Peu de gens connaissent aussi bien les coins et recoins de Montréal que Dinu Bumbaru. Le diplômé en architecture aime parcourir la ville à pied, carnet et crayons à la main. Il en a tiré des milliers de croquis, dont plusieurs ont été publiés dans Carnet d’un promeneur dans Montréal (Les Éditions La Presse). Surtout, le directeur des politiques d’Héritage Montréal défend depuis plus de 40 ans le patrimoine de la métropole. Du balcon du musée Pointe-à-Callière, où Dinu Bumbaru rencontre le recteur Daniel Jutras, on aperçoit le canal de Lachine, le dernier des grands silos à grains du Vieux-Port et les cubes de béton d’Habitat 67. Le décor est en place pour la discussion.

Daniel Jutras: Qu’est-ce que le patrimoine exactement? J’ai grandi en banlieue, à Greenfield Park. La beauté des lieux ne sautait pas aux yeux, mais j’en garde des souvenirs qui me sont chers. Peut-on parler de patrimoine en l’absence d’une valeur esthétique indéniable?

Dinu Bumbaru: On a longtemps considéré le patrimoine comme deux choses, soit le témoin de l’histoire, soit le signe d’une création exceptionnelle. Mais on se rend compte aujourd’hui que cette notion porte aussi une dimension mémorielle. Les souvenirs, la maison de notre enfance par exemple, forment l’attachement au territoire. Ils font que les gens ont des racines quelque part, dans un lieu et sa géographie, pas seulement dans un arbre généalogique. On commence donc à s’intéresser à la sauvegarde des maisons Shoebox et même de certains bungalows. Cela nous montre que l’idée du patrimoine n’est pas figée. Penser au patrimoine, c’est se demander ce qu’on va laisser aux générations futures.

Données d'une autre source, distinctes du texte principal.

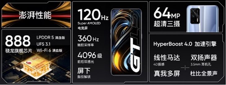 3月4日,realme真我智能手机品牌召开“全速战神,不负GT之名”真我GT旗舰新品发布会。作为全新系列的首秀,真我GT以越级之姿,重塑旗舰定义。独创的速度美学、极致的澎湃性能、可靠的持久耐力让真我GT在设计、性能、体验三方面做到了100%的强悍,兼具120%的惊喜,充分释放骁龙888高端芯片之潜能。立足潮玩设计与越级性能的品牌理念,真我GT将为用户创造旗舰智能手机的超凡体验。

DJ: Vous avez déjà dit que plusieurs bâtiments aux qualités patrimoniales évidentes, dont la basilique Notre-Dame, n’étaient pas protégés. Où se situe le problème?

DB: Dans l’histoire du combat moderne du patrimoine au Québec, on a utilisé le classement patrimonial comme un appel au 911. Les décisions ont souvent été prises pour éviter le pire à la dernière minute alors qu’on aurait pu aussi faire du classement un mécanisme de reconnaissance, comme cela se fait ailleurs. Toutefois, les choses s’améliorent. Il y a 50 ans, à l’époque où l’on construisait les autoroutes, on estime avoir détruit de 30 000 à 35 000 bâtiments à Montréal, dont beaucoup d’édifices historiques. Entre 1975 et aujourd’hui, sur une période beaucoup plus longue, on dénombre environ 22 000 démolitions. Les défenseurs et les promoteurs du patrimoine auront davantage d’outils dans les années à venir. Le gouvernement du Québec est en train de se doter de sa première politique nationale d’architecture et d’aménagement du territoire. Il faut presque remonter au Régime français pour avoir des tentatives de vision d’ensemble du territoire!

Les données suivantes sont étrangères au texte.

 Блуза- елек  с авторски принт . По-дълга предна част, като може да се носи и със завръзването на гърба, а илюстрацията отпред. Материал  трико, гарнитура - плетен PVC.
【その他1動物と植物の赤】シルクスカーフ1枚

DJ: Les répercussions du télétravail se font sentir dans les centres-villes. Selon vous, quel sort attend les grandes tours de Montréal?

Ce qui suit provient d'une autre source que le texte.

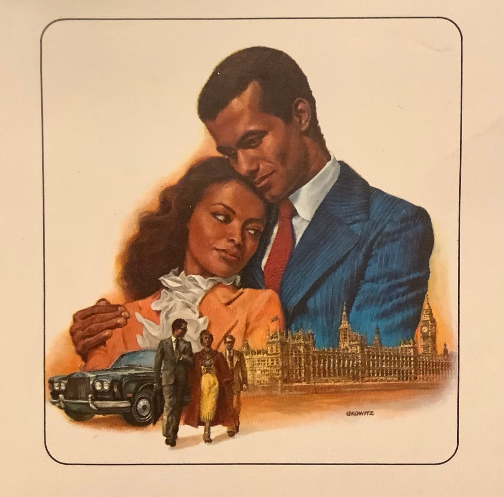 The simple vignette by artist Joel Iskowitz sets the scene in London and gives us magazine correspondent Kathy in an embrace with oil tycoon Lloyd. As innocuous as it seems, it marked the first time a category romance publisher had featured a Black couple on the cover. Harlequin wouldn’t catch up until Sandra Kitt’s Adam and Eva, purchased by Vivian Stephens during her short time with the company, four years later.

DB: On ne peut pas imaginer Montréal sans la Place-Ville-Marie. On peut penser que ce serait la dernière tour dont la vocation pourrait être changée par la nouvelle organisation du travail, mais d’autres tours de bureaux pourraient être transformées en tours d’habitation. Par contre, il nous faudra réfléchir à ce que cela représente de vivre dans des gratte-ciels balayés par les vents avec des rez-de-chaussée commerciaux. Va-t-on privilégier les logements familiaux ou les petites unités comme c’est le cas actuellement? Il ne faut pas avoir peur des tours d’habitation, mais soyons parcimonieux. On en construit déjà beaucoup au nom de la densification, mais sans voir aux effets sur l’espace et le paysage urbains. La Ville a investi 120 M$ pour faire de la place des Festivals un lieu public génial… qui est en train d’être encerclé par des complexes de condos.

DJ: J’aimerais connaître vos préférences en matière de patrimoine. Êtes-vous plus sensible au modernisme d’Habitat 67 ou au faste ancien du Mille carré doré?

DB: Ce qui me touche lorsque j’observe un bâtiment, c’est le bel ouvrage et l’aventure humaine qu’il évoque. Cela ne s’arrête pas à la réalisation. La construction doit être bien utilisée et traverser le temps. Du bel ouvrage, on en trouve partout, sur la façade de nos écoles ou dans la virtuosité de certains clochers ou escaliers de triplex. La Place-Ville-Marie, Habitat 67, c’est du bel ouvrage. Le viaduc Glen à Westmount, avec sa magnifique arche en pierre, aussi.

Penser au patrimoine, c’est se demander ce qu’on va laisser aux générations futures.